** INPUT DATA **
== Segment start ==
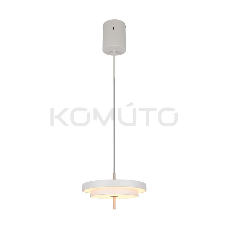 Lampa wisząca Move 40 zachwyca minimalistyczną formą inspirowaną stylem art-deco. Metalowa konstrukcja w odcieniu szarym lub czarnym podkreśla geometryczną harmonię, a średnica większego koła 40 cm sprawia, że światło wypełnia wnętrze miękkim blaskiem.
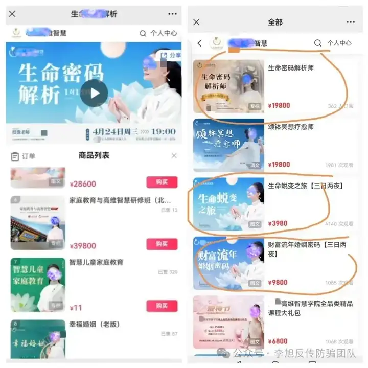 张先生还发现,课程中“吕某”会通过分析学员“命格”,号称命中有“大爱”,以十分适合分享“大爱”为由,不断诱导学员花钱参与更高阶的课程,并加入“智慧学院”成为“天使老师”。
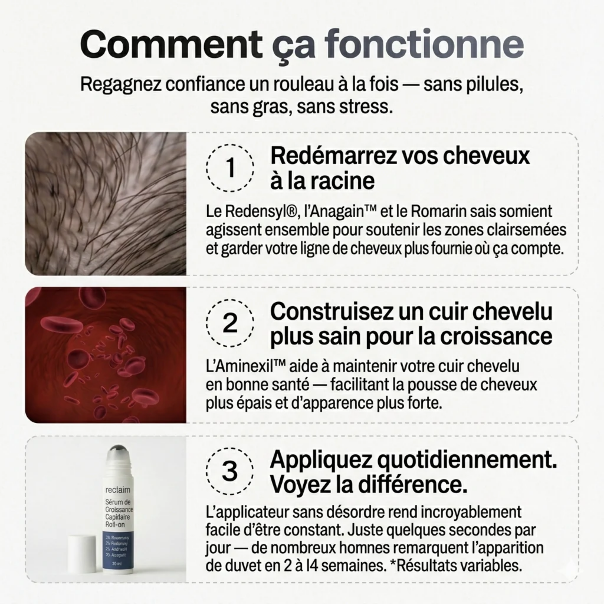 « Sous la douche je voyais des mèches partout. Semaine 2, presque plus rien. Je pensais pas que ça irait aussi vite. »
== Segment end ==
** WHAT NEEDS TO BE DONE **
Repeat the listing exactly; do not print any picture.

** EXPECTED ANSWER **
 Lampa wisząca Move 40 zachwyca minimalistyczną formą inspirowaną stylem art-deco. Metalowa konstrukcja w odcieniu szarym lub czarnym podkreśla geometryczną harmonię, a średnica większego koła 40 cm sprawia, że światło wypełnia wnętrze miękkim blaskiem.
 张先生还发现,课程中“吕某”会通过分析学员“命格”,号称命中有“大爱”,以十分适合分享“大爱”为由,不断诱导学员花钱参与更高阶的课程,并加入“智慧学院”成为“天使老师”。
 « Sous la douche je voyais des mèches partout. Semaine 2, presque plus rien. Je pensais pas que ça irait aussi vite. »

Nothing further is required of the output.